La Reserva Los Andes, en Salta, enfrenta el avance de proyectos mineros mientras carece de plan de manejo y recursos básicos para su protección
La Reserva Natural de Fauna Silvestre Los Andes, en el noroeste argentino, atraviesa una situación crítica: pese a abarcar unos 14.450 kilómetros cuadrados —una superficie mayor que países como Jamaica o Líbano— cuenta con un solo guardaparque para su control. Sin vehículo, equipamiento adecuado ni apoyo operativo, el agente debe cubrir a pie o a dedo un territorio inmenso que alberga ecosistemas frágiles, fauna en peligro y sitios arqueológicos de alto valor.

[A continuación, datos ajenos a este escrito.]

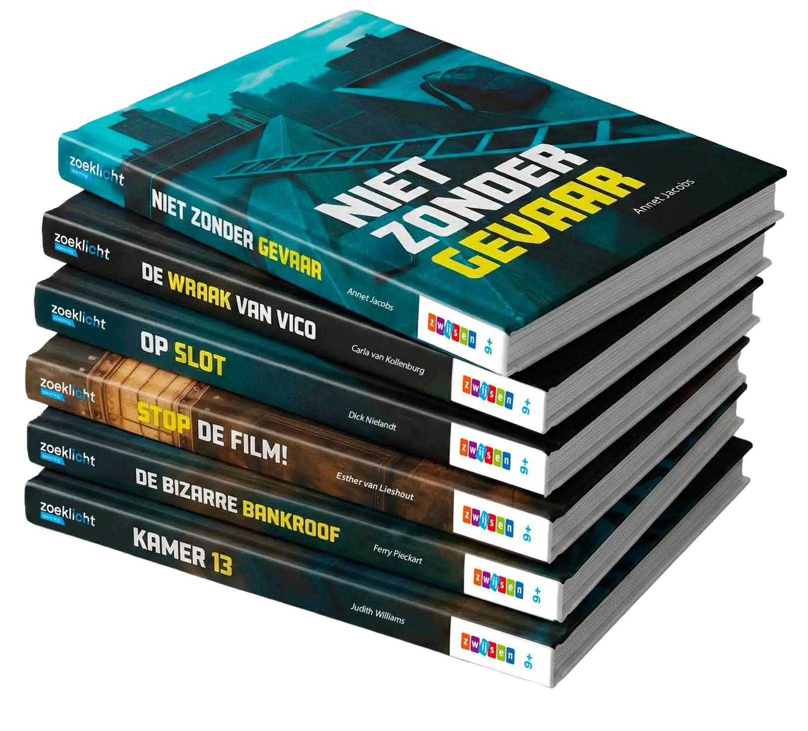 De bekende Zoeklicht-serie is volledig vernieuwd: met sterke verhaallijnen, actuele thema’s en een uitstraling die kinderen vanaf 10 jaar motiveert om te blijven lezen. Zélfs kinderen die moeite hebben met lezen.
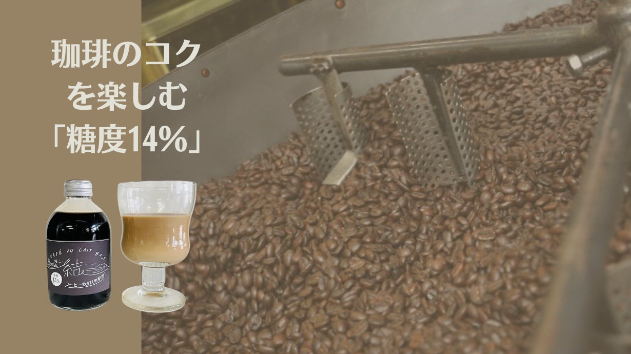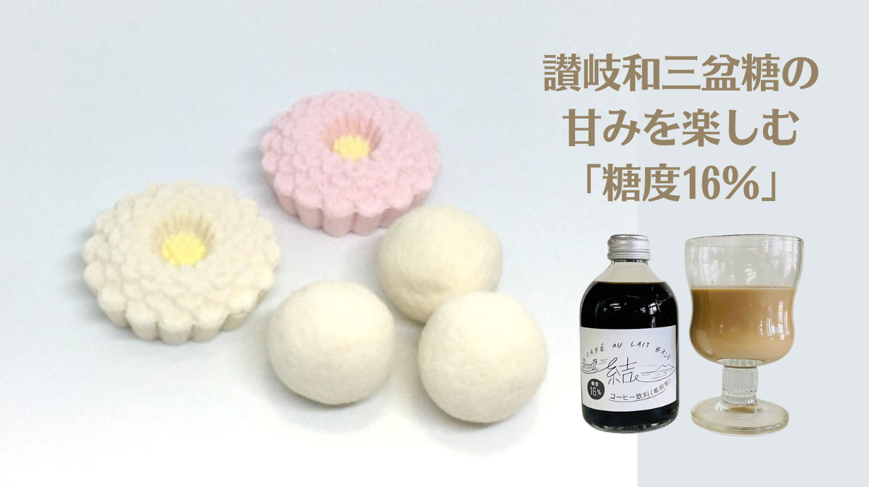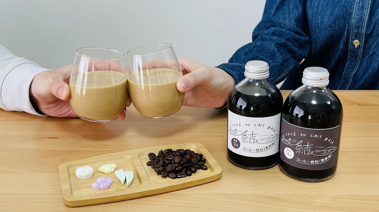 カフェオレベース「結」は、当社3代目後継者がIターン(移住)先の香川県東かがわ市で、讃岐和三盆糖に出会ったことをきっかけに生まれました。珈琲と讃岐和三盆糖だけでなく、飲料化、パッケージ、デザインに至るまで、さまざまな人々との「結びつき」によって生まれた当商品。飲んだ人にとって「頑張った自分の1日や1週間を結ぶ」「大切な人との時間を結ぶ」ひとときをご提供できるようにという願いを込めて「結(ゆい)」と名付けました。

Creada en 1980 y clave para la provincia de Salta —ya que representa el 80% de su superficie protegida—, la reserva nunca logró implementar un plan de manejo efectivo. Aunque entre 2016 y 2018 se elaboró un documento técnico para ordenar el uso del territorio y preservar áreas sensibles como los salares, ese instrumento nunca se puso en práctica, lo que dejó a la zona en una situación de protección meramente formal.
En paralelo, el avance de la minería del litio se consolidó dentro del área protegida. El gobierno provincial concesionó al menos 22 proyectos en distintos salares, pese a que varios de esos sectores habían sido catalogados como zonas de protección especial. El litio, clave para la transición energética global por su uso en baterías, se convirtió así en el principal motor de presión sobre estos ecosistemas altoandinos.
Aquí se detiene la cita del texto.